● The task
The line containing "Стикеры и бумажки" marks the end; return exactly every line from the start of the records up to and including it, but no pictures.

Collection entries
::::

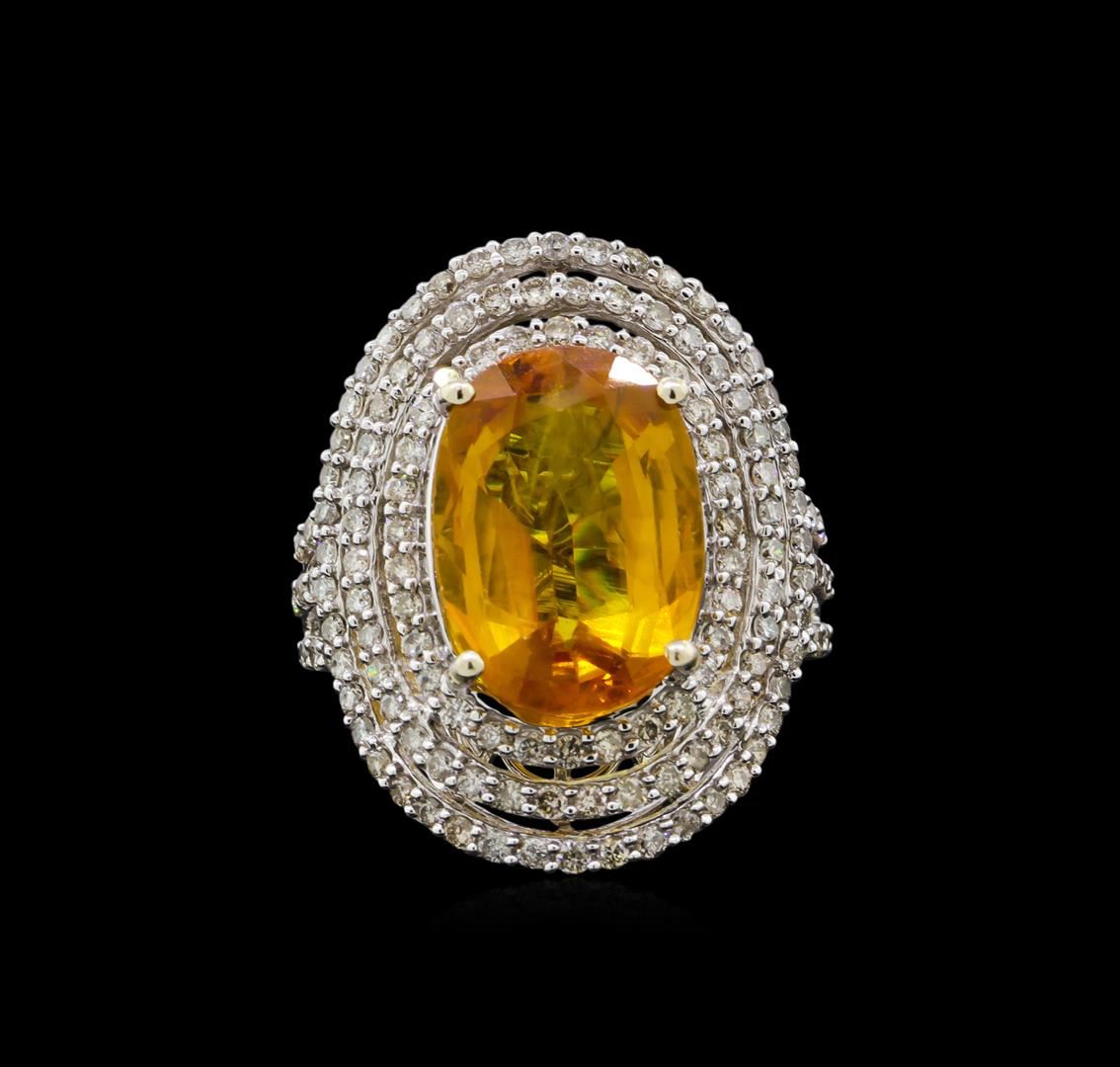 One electronically tested 14KT white gold ladies cast yellow sapphire and diamond ring with a bright polish finish. The featured yellow sapphire is set within three tiered diamond bezels supported by diamond set three-way split shoulders, completed by a two and one-half millimeter wide band. Trademark is Orianne. Identified with markings of "14K". Condition is new, good workmanship. Containing: One prong set oval mixed cut natural yellow sapphire, measuring 15.50 x 11.30 x 6.30mm, 15%. bulge factor, approximate weight of 10.69ct., clarity is moderately included, type II, medium, slightly brownish, orangy yellow color, (GIA oY 5/2), cut is good. Transmitting light with a minimum of distortion, transparent. Naturally occurring internal & external characteristics are present. Graded in the setting. One Hundred Thirty-Two prong set round brilliant cut diamonds, measuring 1.50 - 1.40 x 0.87mm (depth est.) approximate total weight of 132 Stones = 1.57ct. Graded in the setting. Clarity: I-1 to I-2. Color: H - I. Total Weight of Colored Stones 10.69ct. Total Weight of Diamonds 1.57ct. Total Weight of Ring 10.51gm. AIG Appraised at $32,610.00.
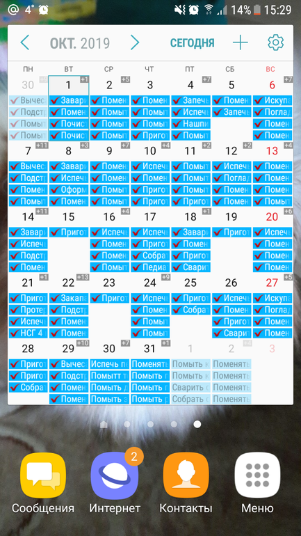 Стикеры и бумажки - это не мое - уже несколько раз пробовала. Все дела записываю в календаре на телефоне. Раз уж надо фото - вот скрин моего календаря.
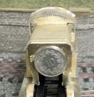 The boiler is secured in place at the smokebox end by sliding it inside the smokebox wrapper but the method I've chosen to secure it at the firebox end is unusual. A Swiss coin - a 10 cent one - is glued to the front of the firebox with epoxy. The coin is a perfect fit inside the plastic inner tube of the boiler.
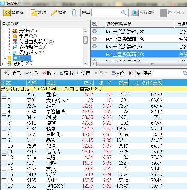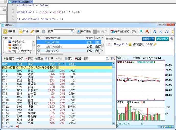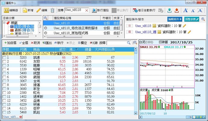 最後在同一個選股策略加入這兩個選股腳本,就可以篩選出符合條件的商品:
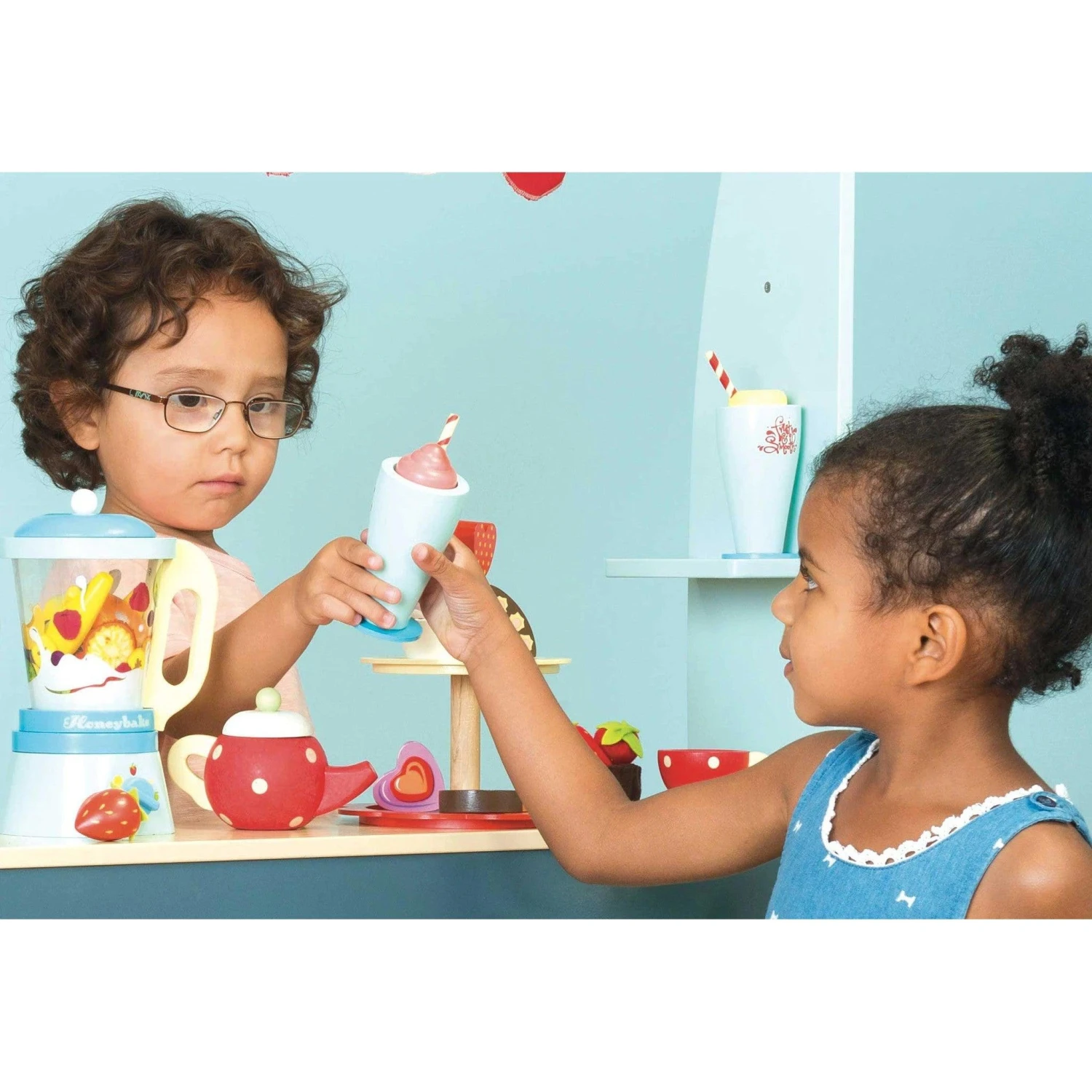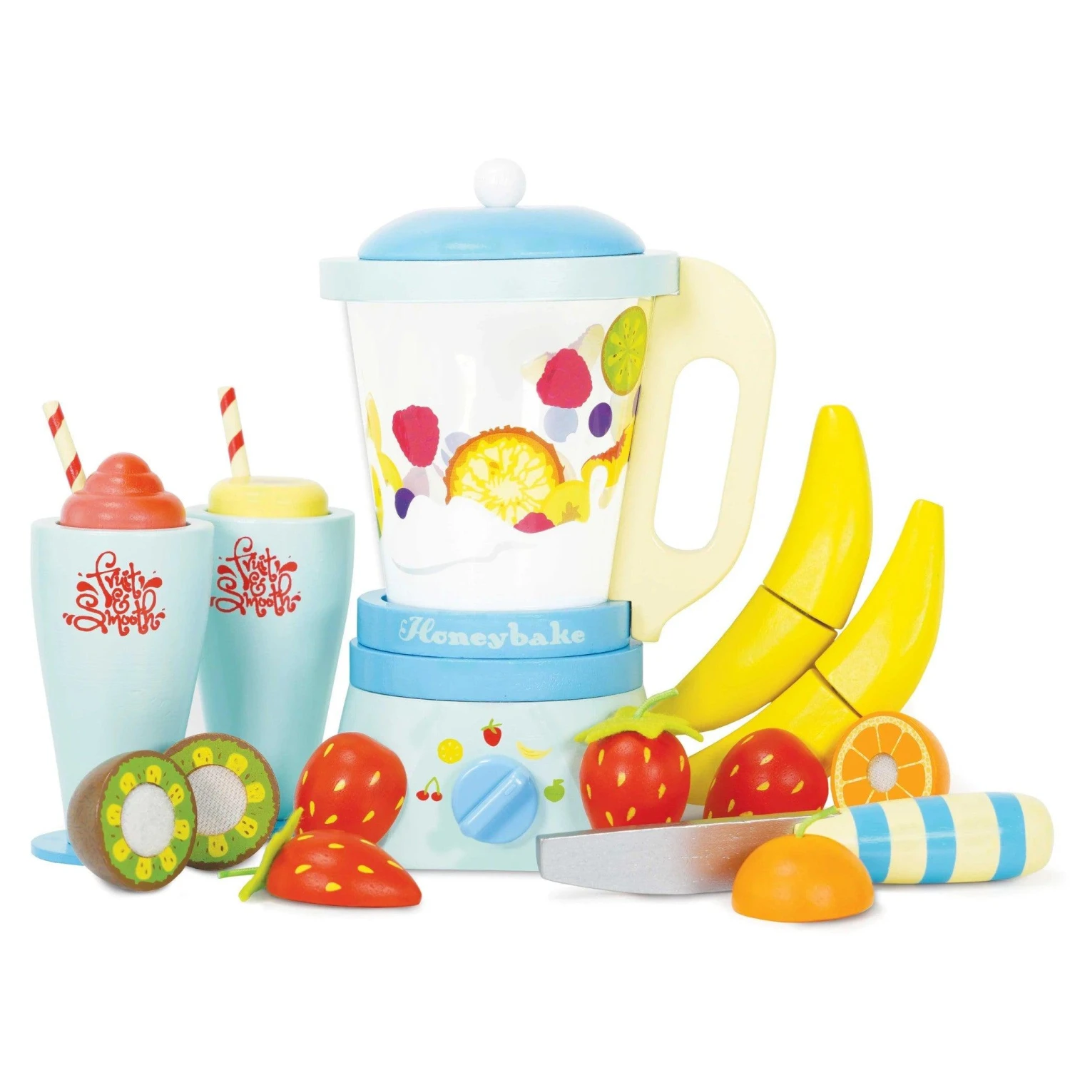 Featuring a retro style blender with a detachable jug, 6 sliceable fruits, a play knife and 2 wooden tumblers with removable toppings.
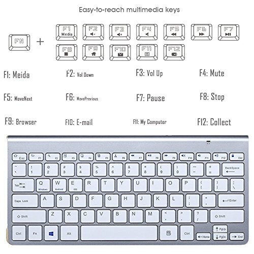 Materiale: ABS materiale ambientale, design unico di supporto nascosto, antipolvere e guscio di sporco rendono la tastiera e il mouse sembrano puliti e ordinati. Tasti Twelve F1-F12: accesso immediato ai tuoi film, musica, internet, e-mail, volume, pausa e altro ancora. Ideale per lavoro produttivo e giochi per PC.
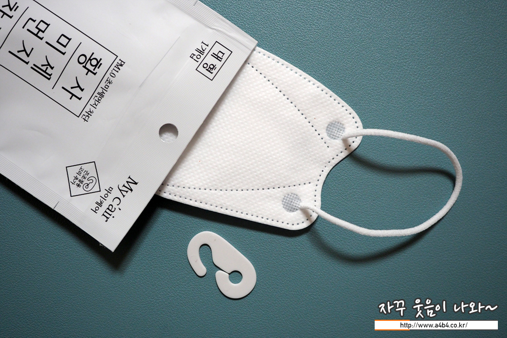 마이케어 마스크는 둥근 모양의 이어밴드가 마스크 앞면에 접착되어 있으며 이어밴드 탄력은 강한 편입니다. 짱짱...
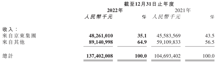 财报显示,2022年,京东物流外部客户收入为891亿元,同比增长50.8%,外部客户占比提升至64.9%;来自京东集团的销售收入为483亿元,同比增长41.7%。由于外部客户销售收入增速更高,京东物流来自京东集团的收入占比由43.5%降至35.1%。
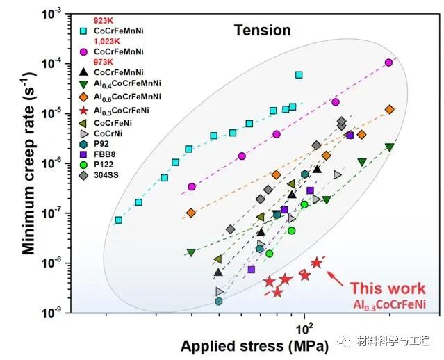 如下图所示,在973K下,本研究对Al0.3CoCrFeNi与其他已报道的部分高熵合金和传统合金的最小蠕变率进行了比较。研究表明Al0.3CoCrFeNi合金表现出极其优越的耐高温蠕变性,最小蠕变率比已报道合金低1-4个数量级。这种优异的高温性能归功于显著的固溶强化,低的层错能与蠕变过程中不断产生的L12与B2相引起的析出强化作用的最佳结合效果。
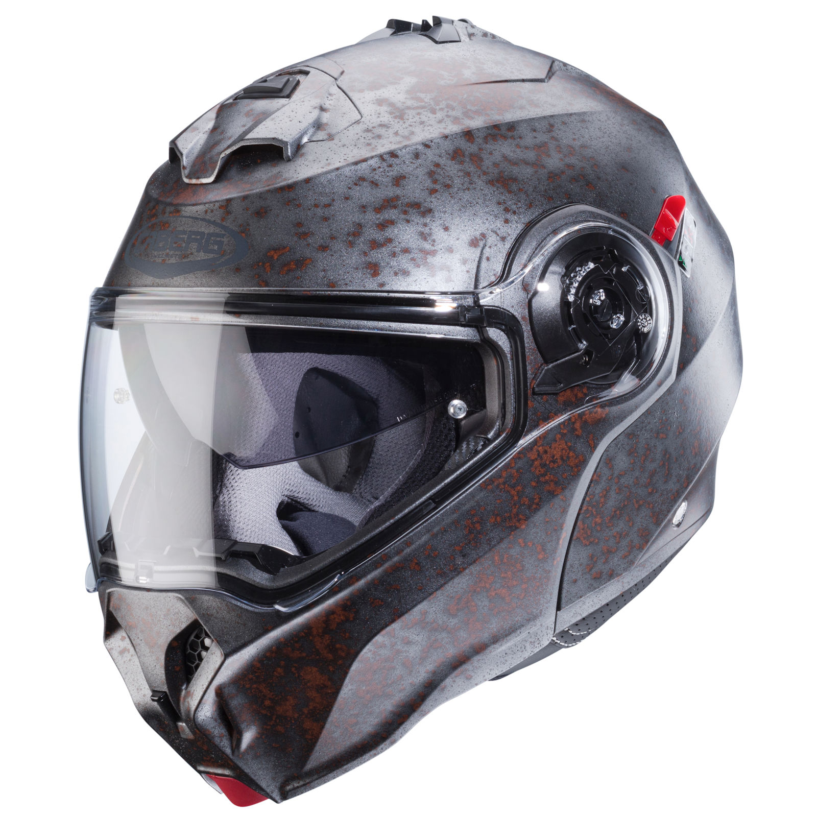 Le casque pliable Caberg Duke Evo avec le décor Rusty dans les couleurs gris/marron dispose des caractéristiques suivantes :
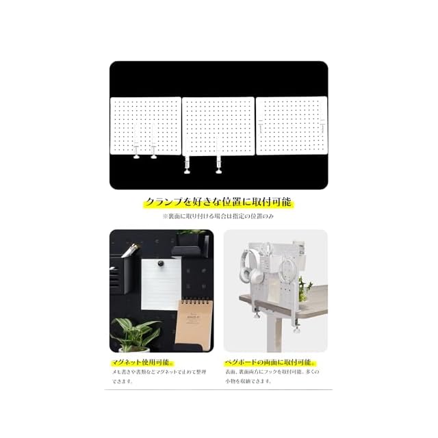 パーテーションとしても:ペグボードを複数枚連ねて取付ることによりパーテーションにもなります。※本製品にはペグボードは1枚しか含まれておりません。【配線整理としても】ペグボードをデスク下に取り付け、付属フックや付属トレーを活用することによりケーブルオーガナイザーとしても使用いただけます。

::::

● Answer to this exercise
 One electronically tested 14KT white gold ladies cast yellow sapphire and diamond ring with a bright polish finish. The featured yellow sapphire is set within three tiered diamond bezels supported by diamond set three-way split shoulders, completed by a two and one-half millimeter wide band. Trademark is Orianne. Identified with markings of "14K". Condition is new, good workmanship. Containing: One prong set oval mixed cut natural yellow sapphire, measuring 15.50 x 11.30 x 6.30mm, 15%. bulge factor, approximate weight of 10.69ct., clarity is moderately included, type II, medium, slightly brownish, orangy yellow color, (GIA oY 5/2), cut is good. Transmitting light with a minimum of distortion, transparent. Naturally occurring internal & external characteristics are present. Graded in the setting. One Hundred Thirty-Two prong set round brilliant cut diamonds, measuring 1.50 - 1.40 x 0.87mm (depth est.) approximate total weight of 132 Stones = 1.57ct. Graded in the setting. Clarity: I-1 to I-2. Color: H - I. Total Weight of Colored Stones 10.69ct. Total Weight of Diamonds 1.57ct. Total Weight of Ring 10.51gm. AIG Appraised at $32,610.00.
 Стикеры и бумажки - это не мое - уже несколько раз пробовала. Все дела записываю в календаре на телефоне. Раз уж надо фото - вот скрин моего календаря.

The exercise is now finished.